Big data is an incredibly popular topic. Plentiful articles, books, and blogs have been written on this topic and countless sessions have been presented that discuss some aspect of big data. I am a big fan of big data, because organizations have been able to improve and extend their analytical capabilities through their big data systems, resulting in various business benefits.
But I am also aware that big data is sometimes being overhyped. Take for example this statement: “Big data: A revolution that will transform how we live, work and think”, and “Without big data, you are blind and deaf in the middle of a freeway.” These and many others are all hyperboles. The danger is that big data is being over oversold and that this creates a false or skewed picture of big data and leads to false expectations.
Therefore, I decided to write a number of blogs on big data myths. Each myth is based on statements that repeatedly pop up in articles and sessions. I call them the big myths on big data.
The first big myth I want to address is that big data is sometimes presented as the goal of a project or system. Wrong, the goal is never to develop a big, fat database. Can you imagine a meeting in an IT department that ends with a statement like: “Ok guys, let’s see if we can develop the biggest database on the planet.” This is not how it works in real life. That can never be a goal.
Nor is big data ever a question. Users never call the IT department with a question such as: “Please, can you develop a big database for me?”
If big data is something, it’s an answer, or, in fact, it’s part of an answer. But then, if big data is part of an answer, what’s the question? In almost all the big data systems, the question is analytics. Organizations want to increase, enrich, or extend their analytical capabilities, and quite often this requires more data, big data. So, it’s almost always analytics that’s driving big data systems.
Do not confuse analytics with reporting.

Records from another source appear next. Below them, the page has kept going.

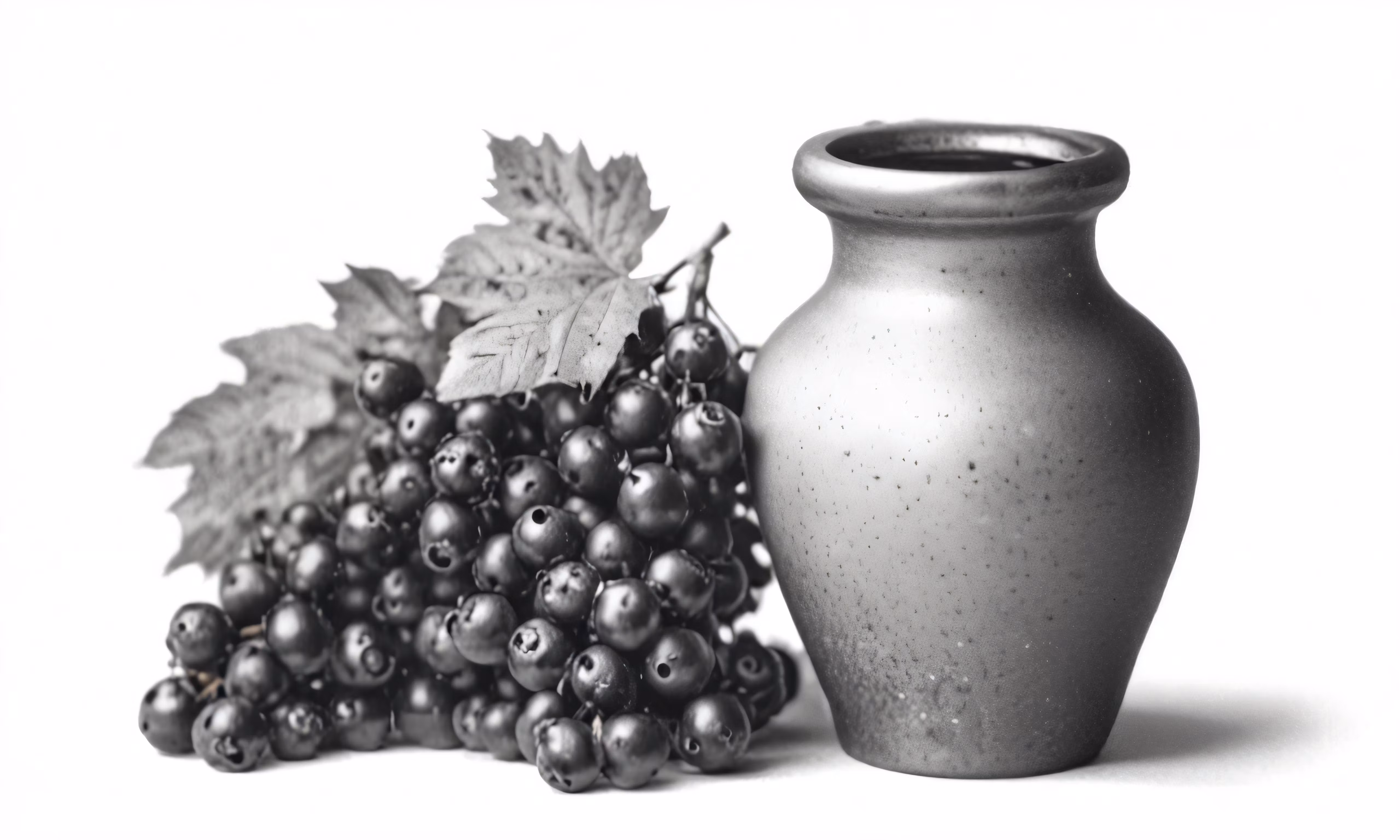 High resolution picture, free to use, the official logo for the 50 /a white vase and some black grapes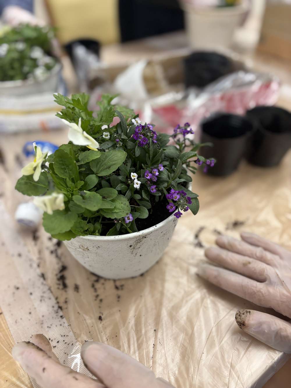 どの組み合わせがいいか悩んだりしながら素敵な寄せ植えになりましたね🥰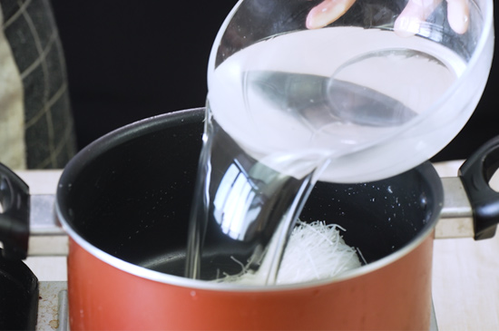 2、粉丝下锅,加冷水和姜丝大火煮沸。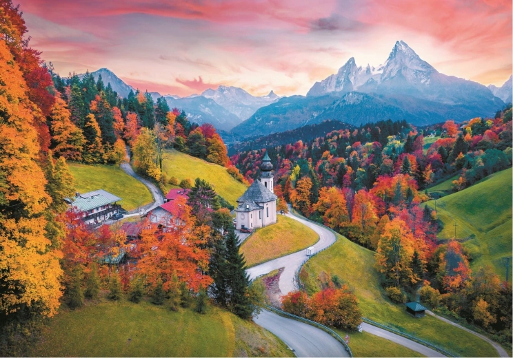 Uronite u slikovitu atmosferu podnožja Alpa. Ovaj motiv s vijugavom cesticom, crkvicom i šarenim jesenskim lišćem na pozadini snježnih planina razveselit će i oko i um. Zahvaljujući tehnologiji Unlimited Fit Technology (UFT) pojedine slike iz iste serije moguće je precizno spajati i stvarati velike, originalne kolaže bez ograničenja.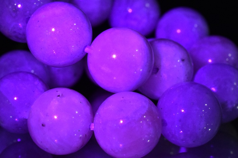 ハックマナイトは、ソーダライト(方ソーダ石)の変種で、紫外線で色が変わるファトクロミズムという不思議な特徴を持つパワーストーンです。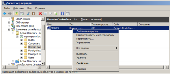 Добавим все контролеры домена в группу безопасности Certificate Service DCOM Access. Это необходимо для того чтобы была возможность запрашивать сертификат пользователя.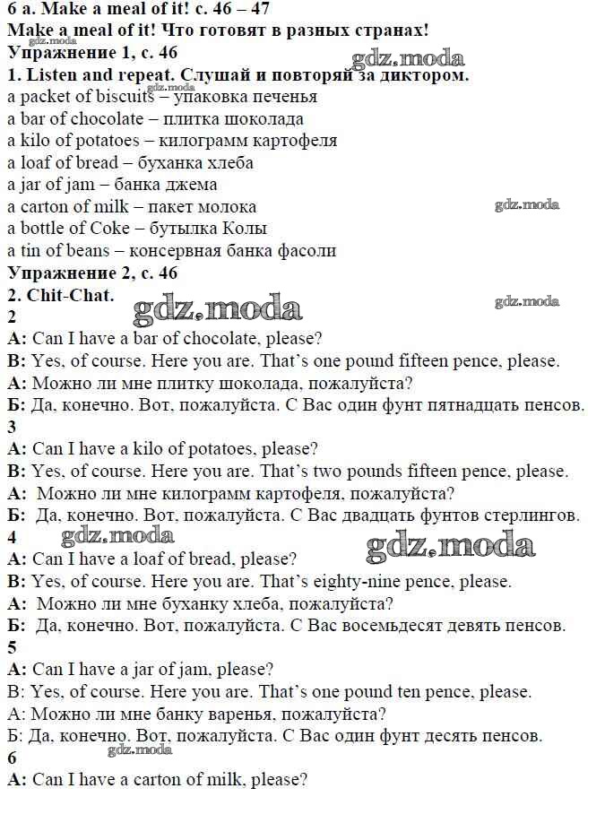 ОТВЕТ на задание № страница 46 Учебник по Английскому языку 4 класс Быкова Spotlight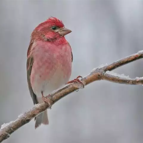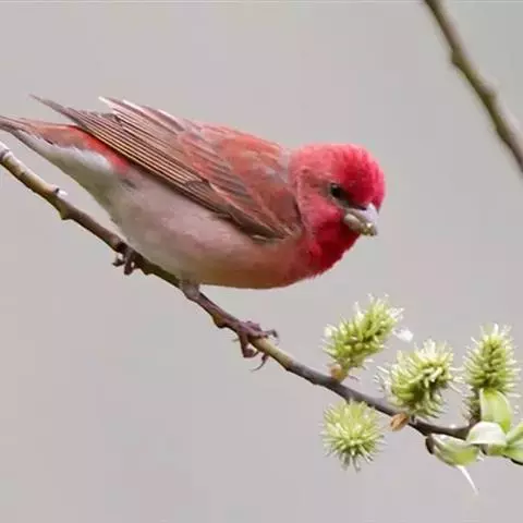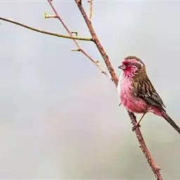 喜马拉雅白眉朱雀:小型鸟类,体长15-17厘米,体重24-35克。额基、眼先深红色,…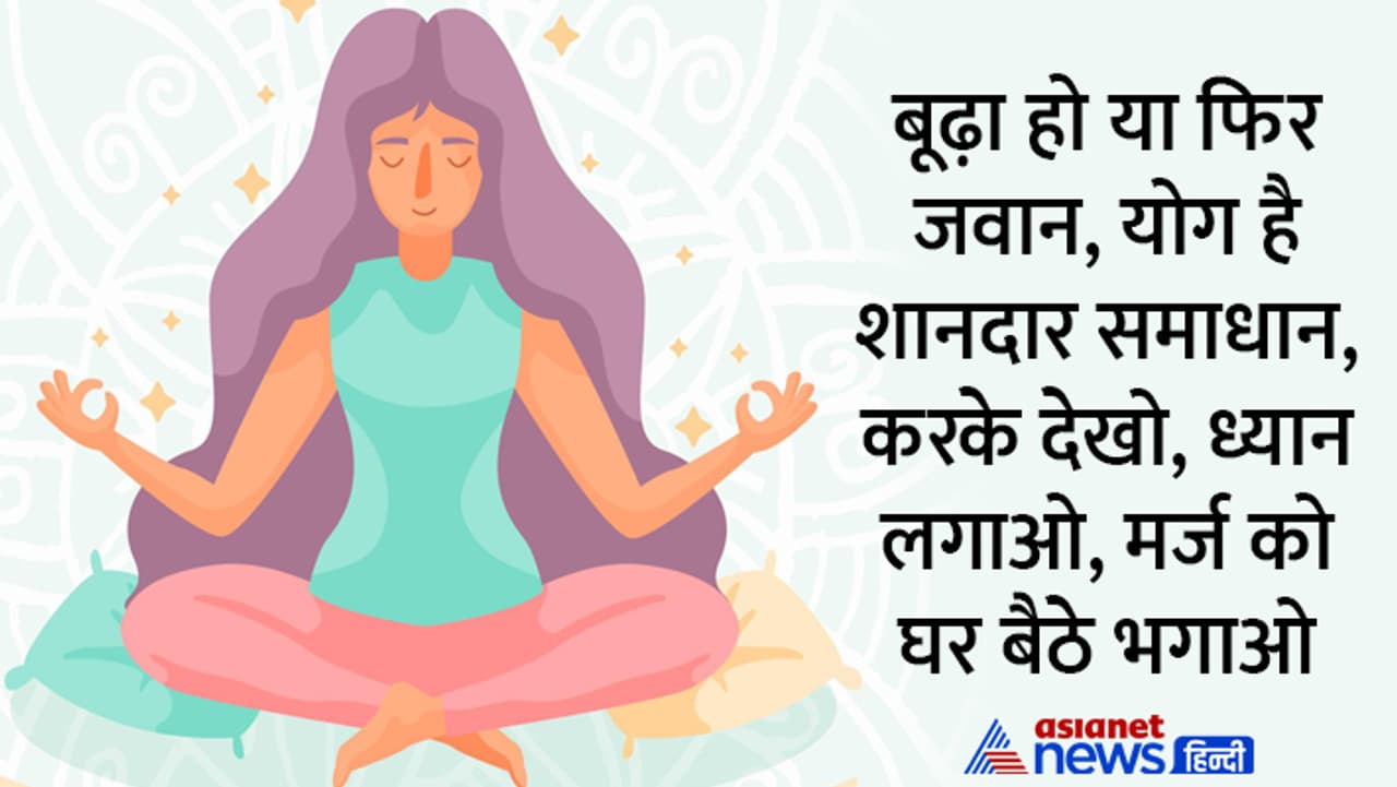 बूढ़ा हो या फिर जवान, योग है शानदार समाधान, करके देखो, ध्यान लगाओ, मर्ज को घर बैठे भगाओ।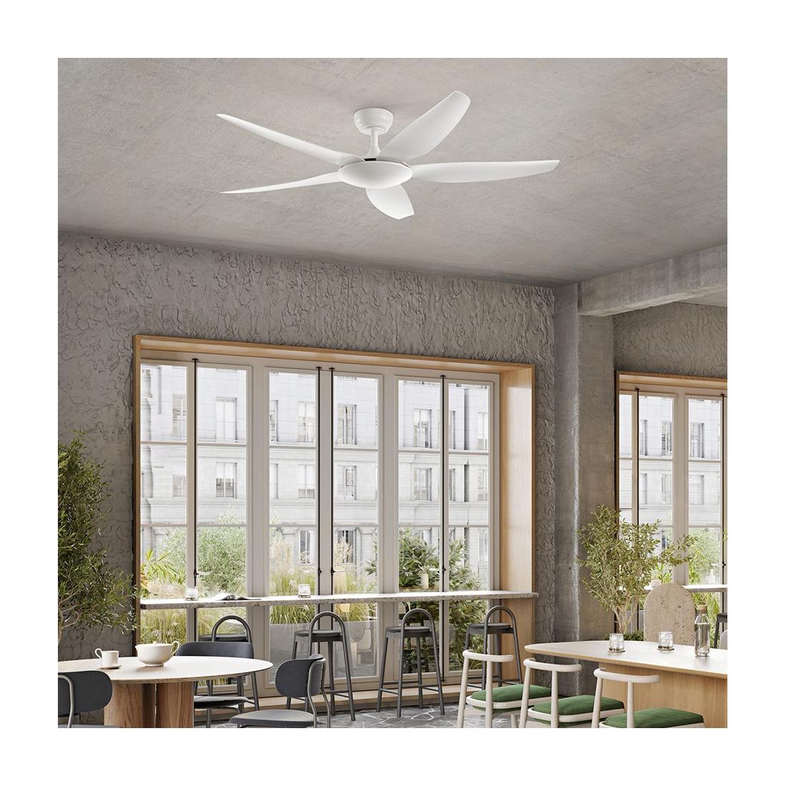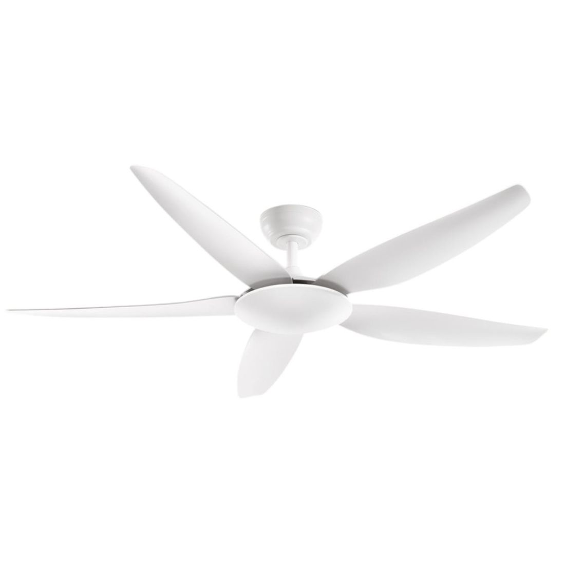 Ventilatore a 5 pale senza luce, dal design moderno, con un diametro di 142 cm, ideale per rinfrescare efficacemente ambienti con superfici superiori a 20 m² come soggiorni, camere da letto, cucine, studi o uffici. La sua struttura viene realizzata in metallo verniciato nel colore Bianco con pale in acrilico. Per garantire un’installazione personalizzata in base alle altezze dei soffitti o alle esigenze di comfort, sono fornite due aste di prolunga da 12,5 cm e 25 cm che permettono di regolare l’altezza di sospensione del ventilatore mantenendo una distribuzione ottimale del flusso d’aria.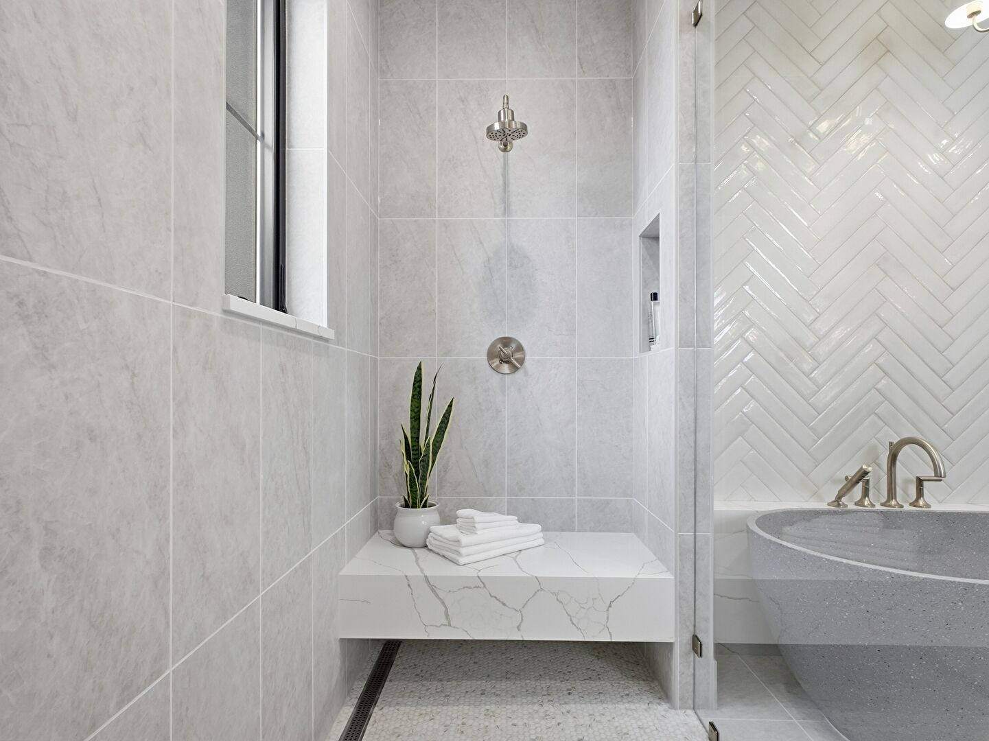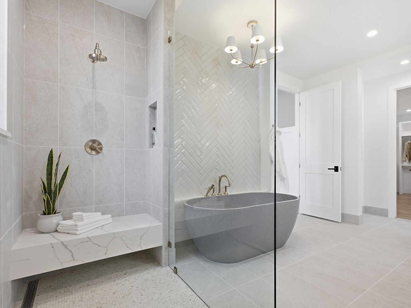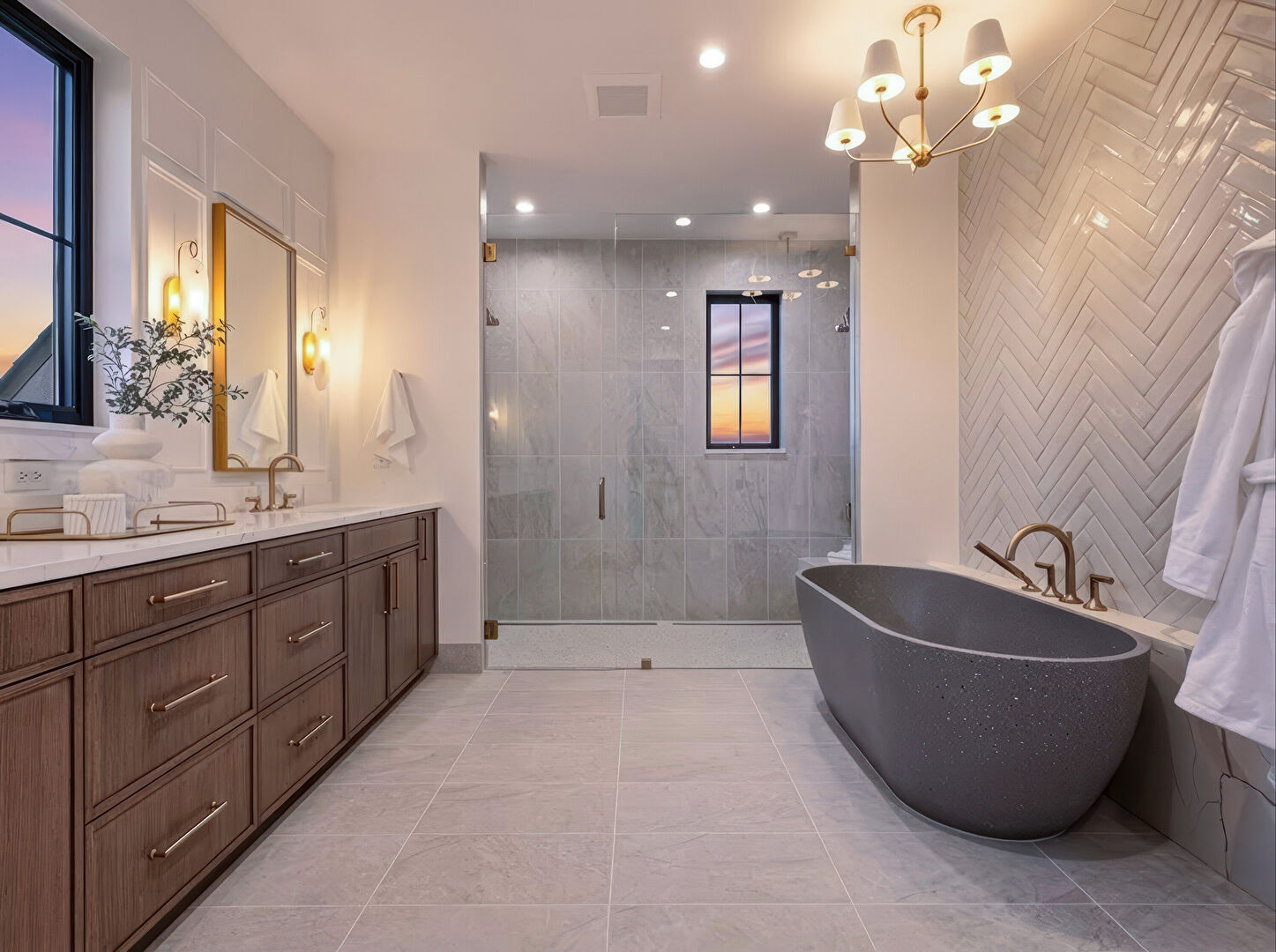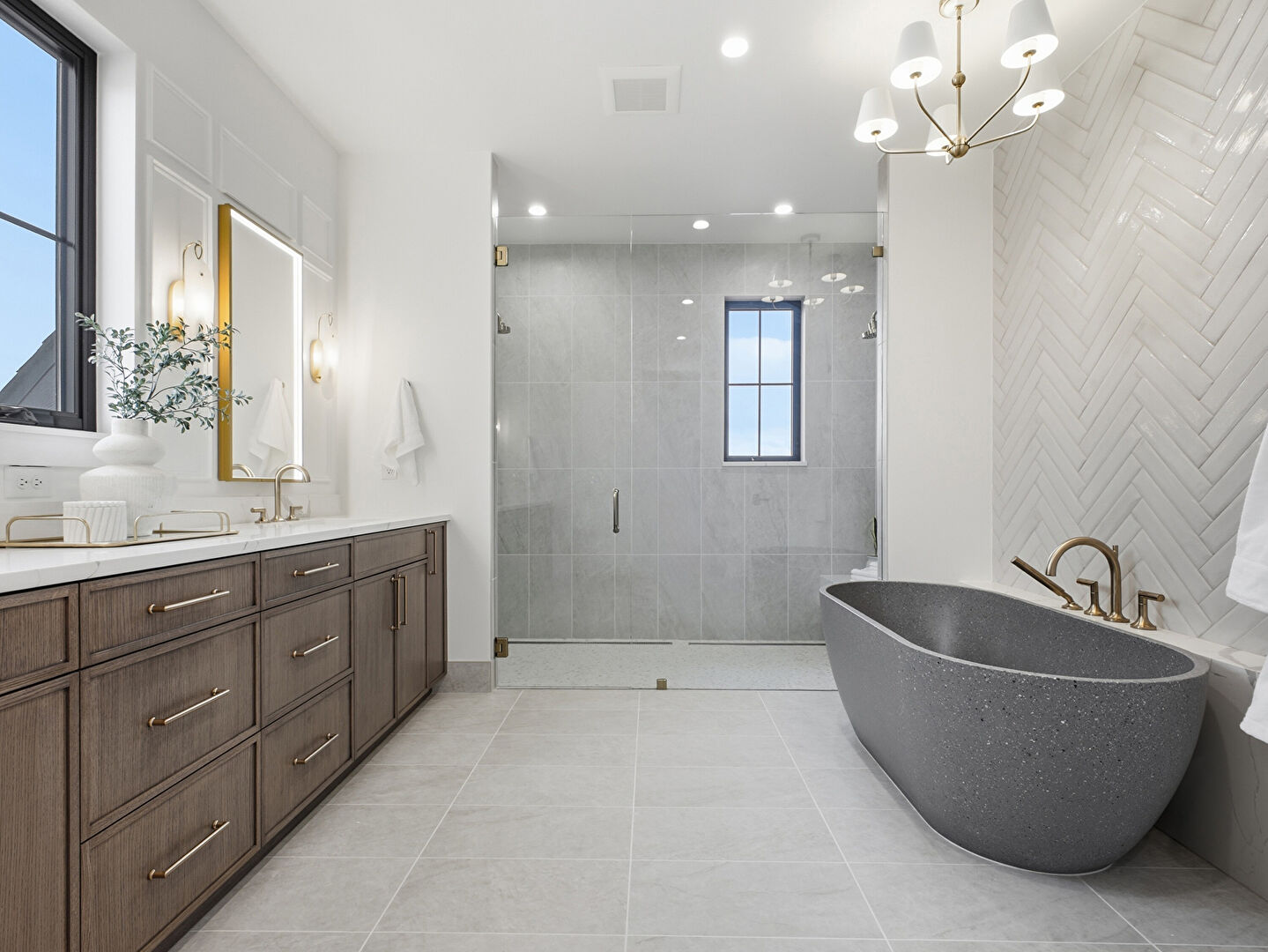 Baseboards Wall, Combined Bath Shower, Double Vanity, Drywall, Full Bathroom, Marble Finish Floor, Natural Light, Notable Chandelier, Recessed Lighting, Tile Floor, Tile Wall, Vanity, Vent, Combined Bath Shower, Drywall, Full Bathroom, Notable Chandelier, Tile Floor, Vent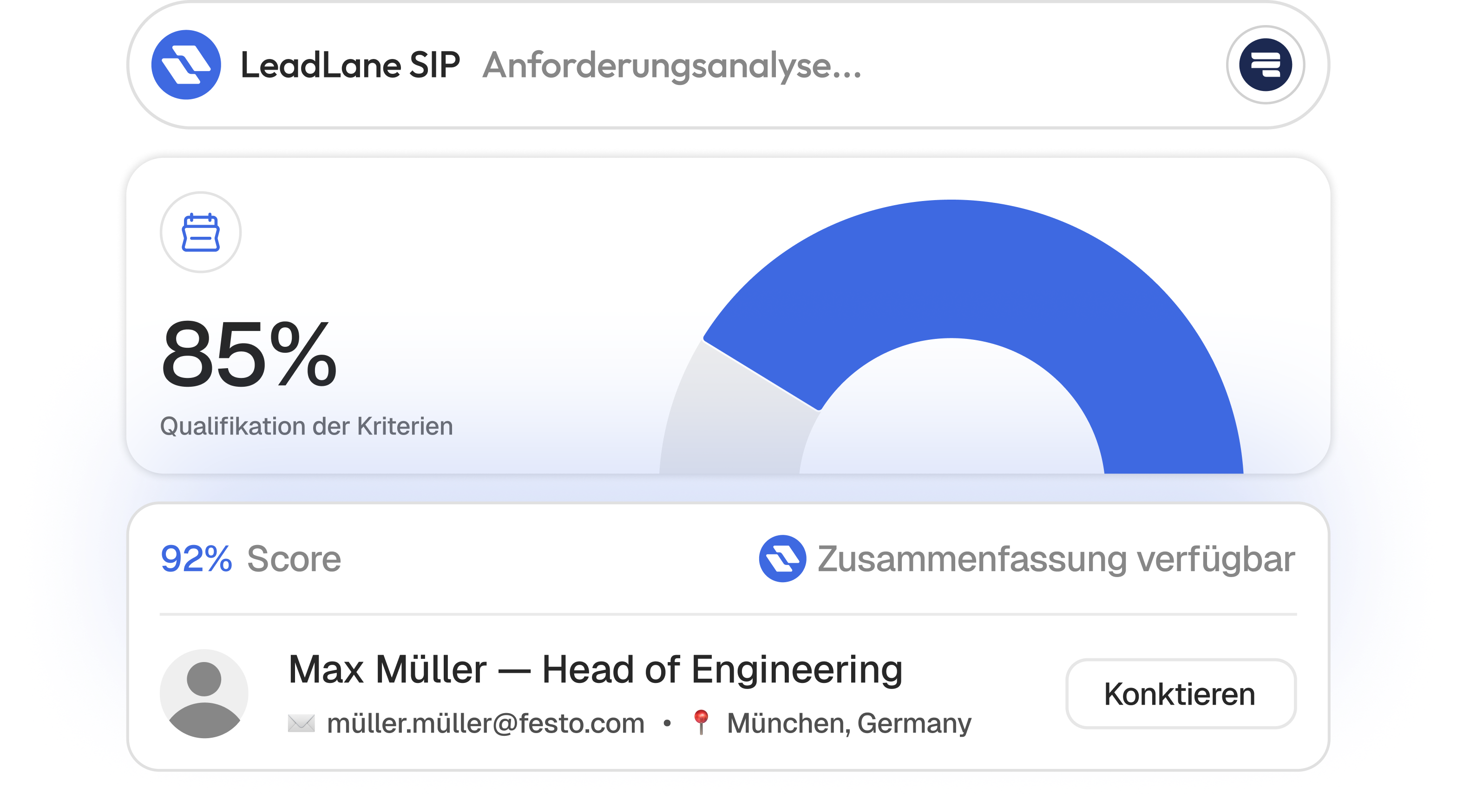 LeadLane verbindet Gespräche, Marktintelligenz und KI, um echte Bedarfssignale im Markt zu identifizieren.

Reporting is primarily about presenting what has happened, whereas analytics is mainly aimed at showing what may happen and at influencing what’s going to happen. Typical examples of analytics that may require big data are: improving product development, optimizing business processes, optimizing the operations of machines, improving the level of customer care and customer delight, and personalizing products.
So, the goal is not big data, the goal is to improve and extend the analytical capabilities of an organization. However, sometimes, with all these technical discussions on Hadoop and NoSQL, and so on, we tend to forget this. The following somewhat crude saying can apply in big data projects: “When you are up to your ass in alligators, it’s difficult to remember that your initial objective was to drain the swamp.” I think this applies to some big data projects. The goal is not big data itself, it’s analytics.
Hadoop has become a popular and powerful platform for data storage and data processing. Data stored in Hadoop can be used by a wide range of applications and tools and for a wide range of use cases. The fact that SQL can be used to retrieve Hadoop data, has opened up the data to even more tools, especially tools for reporting and analytics. A question organizations have to ask themselves is in which SQL-on-Hadoop technology they should invest? They can go for straightforward SQL-on-Hadoop engines or for data virtualization servers.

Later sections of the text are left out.